# Towing with a 99 Suburban questions



## hillslider (Jun 19, 2007)

Well...the wife and i want to buy a travel trailer.  We found one that we really like.  It is a Springdale 292BHLS.  It has a dry weight of 5960 and hitch weight of 770.  Dealer sates my 99 Chev Surburban would handle it like a dream.  I doubt that.....but I sure would like to get this trailer.  It has a class 5 factory hitch with the tow package.  Rv dealer states that with the WD hitch and sway bar I would be able to pull the trailer and be comfortable.  We live in Michigan so hills are not really an issue but I do not want this thing parked and not being used because it is a pain to pull.  The chev has a 5.7 and 3.73 axle and HD trany oil cooler.  Owners manual states 6000lb max.  Am I nuts for even thinking aboout doing this.  We want this big of a trailer since we have 3 kids and when we are not using it for camping it will be used like a guest house.  The property we just bought has been set up for a travel trailer hook up with a seperate well, septic and power hookup all on a nice flat area by our pond.  So am I nuts?  Please help with any advice.

Thanks


----------



## TexasClodhopper (Jun 19, 2007)

Re: Towing with a 99 Suburban questions

I don't know about pulling it, but I do know that the "guests" who most like your new guest house will be mice!  Sounds like a beautiful spot, though!

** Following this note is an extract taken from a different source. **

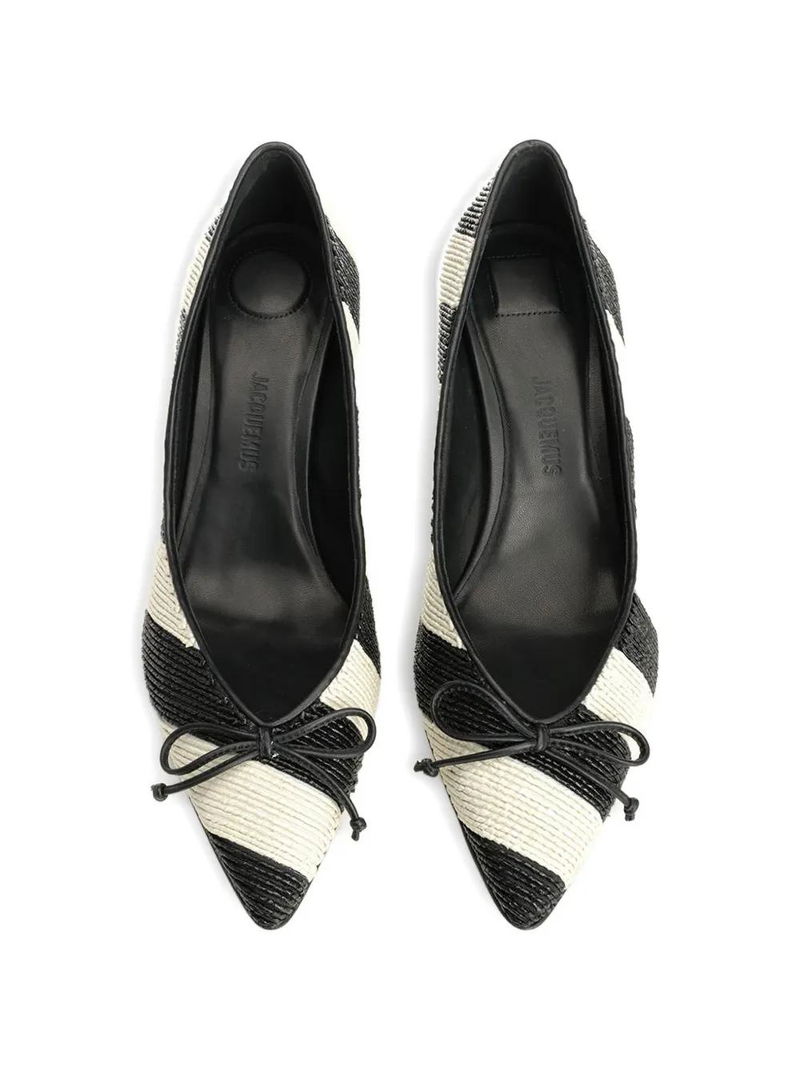 Black/white striped pattern pointed toe bow detail.

Welcome to the forum, Rob!


----------



## DL Rupper (Jun 19, 2007)

Re: Towing with a 99 Suburban questions

Add 2000 lbs to the dry weight for the Travel Trailer and you will be closer to the real weight of the TT when it is loaded for a trip.  Also, you have to consider the weight of the suburban fully loaded with gas, passengers and gear.  You might get by for short not to frequent trips.  If you plan on a lot of long trips, I would look for a smaller or lighter trailer or a tow vehicle with a heavier tow rating.


----------



## hertig (Jun 19, 2007)

Re: Towing with a 99 Suburban questions

Tow ratings are for a completely empty vehicle, no passengers, no cargo, no accessories.  Just a 150 pound driver and a bit of gas.  And the weight being towed is a flat bed trailer with 'no' wind resistance.  My 'real towing weight guess formula for that suburban is (6000 - 1000) * .8 or 4000 pounds.  Sorry,  but that trailer is way too much for that truck.


----------



## hillslider (Jun 19, 2007)

Re: Towing with a 99 Suburban questions

Thanks everyone for the replies.  My gut feeling was right.  But I did go ahead a make a purchase tonight.  I found a 2008 Jayco 26JTX.  Still pretty big and a bit heavy.  Dry weight is 4560.  This paticular Jayco dealer gave excellent service and advice and hope to very happy for many years.  I know I am not buying a Cadilac of RV trailers but with 3 small children that can destroy a brick my investment of 13200 should make it a little easier to watch them be themselves.  This will be our first camper so it should be fun!!!!
I hope all the skills my Dad and Grandpa taught me come back to mind on how to back that 29 foot beast up!


----------



## TexasClodhopper (Jun 20, 2007)

Re: Towing with a 99 Suburban questions

I had a guy from San Augustine, Texas in DEEP East Texas once tell me that his kids were so bad,

"They can *mess* up a crowbar in a sandpile!"

Happy Trails!


----------